My father purchased it together with two boxed sets from The Readers Digest of The World’s 12 Best Classical concertos and The World’s Best Classical Symphonies.

These compilations were beautifully presented. Each shiny 12 inch vinyl long playing record was protected in a cardboard sleeve and the whole bound to look like a large book. Each ‘page’ to be listened to, rather than read. Each book’s front cover and spine were sumptuous with lithographic designs and prints and copperplate text.  Removing each record and placing it on the platter, was an act of nervous, excited anticipation. 

This new radiogram, according to the handbook, was ‘fully automatic’. Indeed, one could place as many as 8 LP records on the spindle and, having pressed the play button, close the lid and modern technology would do its’ thing.

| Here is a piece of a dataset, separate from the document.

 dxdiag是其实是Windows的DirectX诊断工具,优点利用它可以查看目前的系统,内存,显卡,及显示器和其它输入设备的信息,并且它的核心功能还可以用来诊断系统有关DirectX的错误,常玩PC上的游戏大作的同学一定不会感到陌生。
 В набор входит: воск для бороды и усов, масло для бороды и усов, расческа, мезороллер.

Not however with my inquisitive nature. I would peer over the top of the player, lid open, fascinated by the clockwork-like mechanism as the tone arm, at the end of the record, rose from the surface, travelled to the outside, and once clear, the next record would drop down the spindle, leaving the others teetering in anticipation, whilst the tone arm lurched in to the beginning of the record, poise above it then drop rather rudely and abruptly to the surface.

It was a somewhat unexpected acquisition on the part of my father. A self-made man, he had returned from the Second World War, an electrical fitter in the Airforce, and settled with his new bride in a small country town in rural New South Wales. To an eight year old boy, struggling to commit to memory the obligatory dates and facts of history, It was a revelation that my father could recite, verbatim the poems of Henry Lawson and Banjo Patterson and for an encore, sing all the patter songs of Gilbert and Sullivan. This new piece of furniture, was to demonstrate to me clearly, why my father loved his Savoy Operas.

In those days, a radiogram was a well constructed piece of furniture, something to occupy pride of place in the lounge room, rather than be hidden away in a teak veneered ‘entertainment centre’.  My rather well to do grandparents had an elegant, beautifully crafted gramophone. It played 78 shellac records and even as an infant I was fascinated by the mechanics, pestering my grandfather to put on another record so that I could turn the shiny steel handle and wind it up. 

My life long love affair with classical music had begun!